• _YOUR OBJECTIVE_
Exact copy, no pictures: every line from the one that contains "根据方案,本次定增发行数量不" through the end of the data below, and nothing else.

• _SUPPLIED MATERIAL_
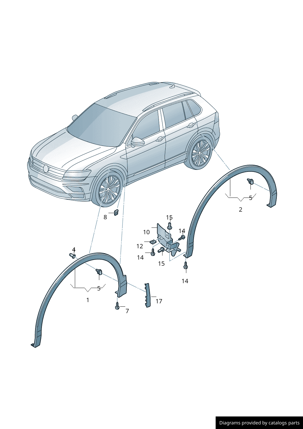 This rear left wheel eyebrow (part number 5NA854819J) is designed specifically for VW Tiguan models AD1 and AX1 from 2016 to 2020. Engineered to fit precisely, it restores the vehicle's original appearance while protecting the wheel arch from dirt and minor damage. Manufactured to meet OEM standards, it ensures durability and seamless integration with your Tiguan’s bodywork. Ideal for maintaining both aesthetic and functional integrity in your vehicle’s rear left wheel area.
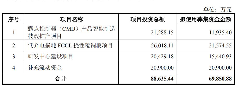 根据方案,本次定增发行数量不超过2730万股,募资不超过6.99亿元,扣除发行费用后将投入四大项目,其中1.19亿元用于露点控制器(CMD)产品智能制造技改扩产项目,2.16亿元用于低介电损耗FCCL挠性覆铜板项目,1.54亿元用于研发中心建设项目,2.09亿元用于补充流动资金。
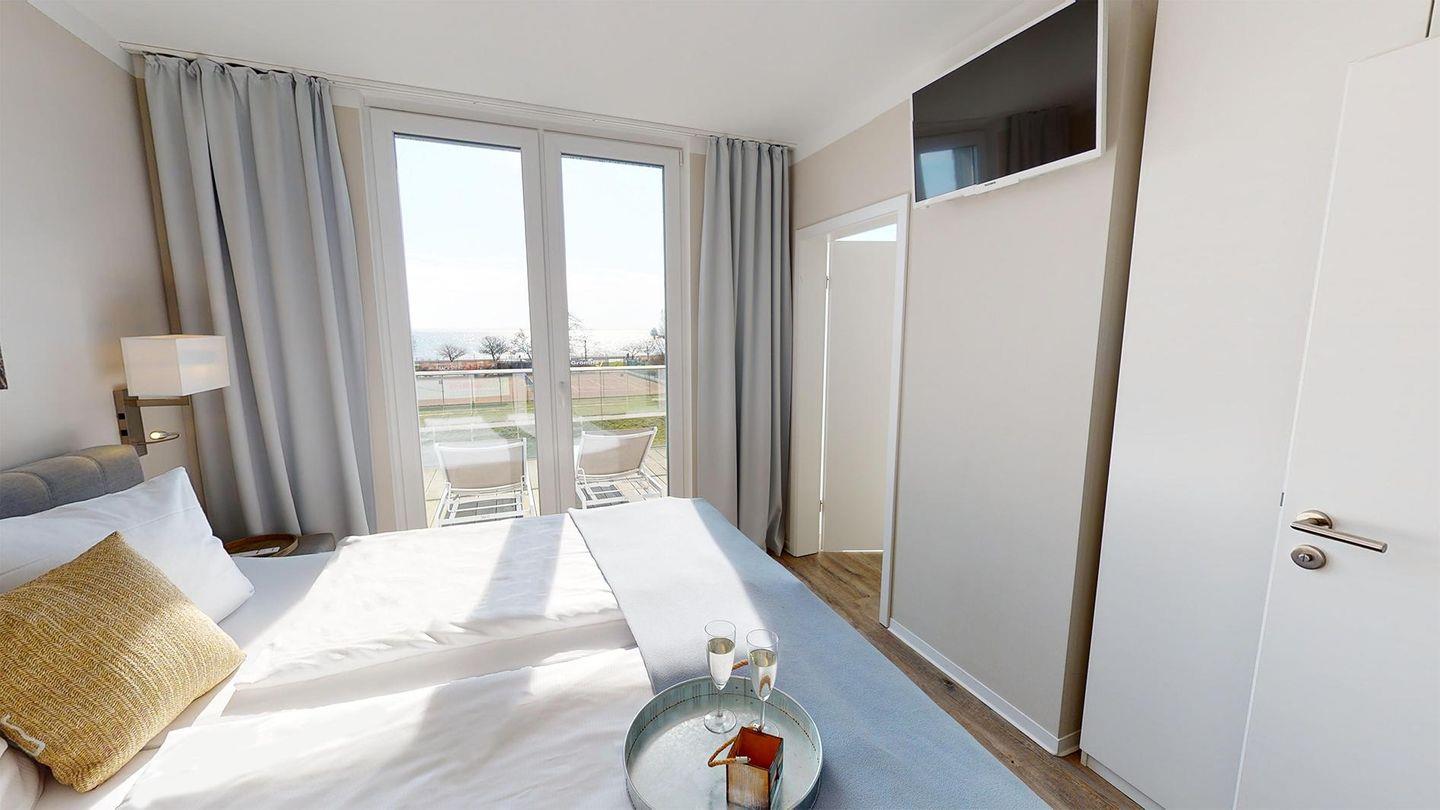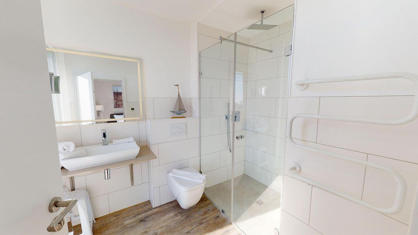 Die drei Schlafzimmer sind mit hochwertigen Boxspringbetten ausgestattet, inklusive Verdunklungsplissees und Flachbildfernsehern. Zwei Duschbäder mit Regenbrause sind über die jeweiligen Schlafzimmer erreichbar, während das dritte Duschbad mit Regenbrause und Whirlwanne über den Flur zugänglich ist. Alle drei Bäder sind mit beleuchteten Wand- und Kosmetikspiegeln sowie Wandradios mit Bluetooth-Verbindung ausgestattet.

• _ANSWER BOX_
 根据方案,本次定增发行数量不超过2730万股,募资不超过6.99亿元,扣除发行费用后将投入四大项目,其中1.19亿元用于露点控制器(CMD)产品智能制造技改扩产项目,2.16亿元用于低介电损耗FCCL挠性覆铜板项目,1.54亿元用于研发中心建设项目,2.09亿元用于补充流动资金。
 Die drei Schlafzimmer sind mit hochwertigen Boxspringbetten ausgestattet, inklusive Verdunklungsplissees und Flachbildfernsehern. Zwei Duschbäder mit Regenbrause sind über die jeweiligen Schlafzimmer erreichbar, während das dritte Duschbad mit Regenbrause und Whirlwanne über den Flur zugänglich ist. Alle drei Bäder sind mit beleuchteten Wand- und Kosmetikspiegeln sowie Wandradios mit Bluetooth-Verbindung ausgestattet.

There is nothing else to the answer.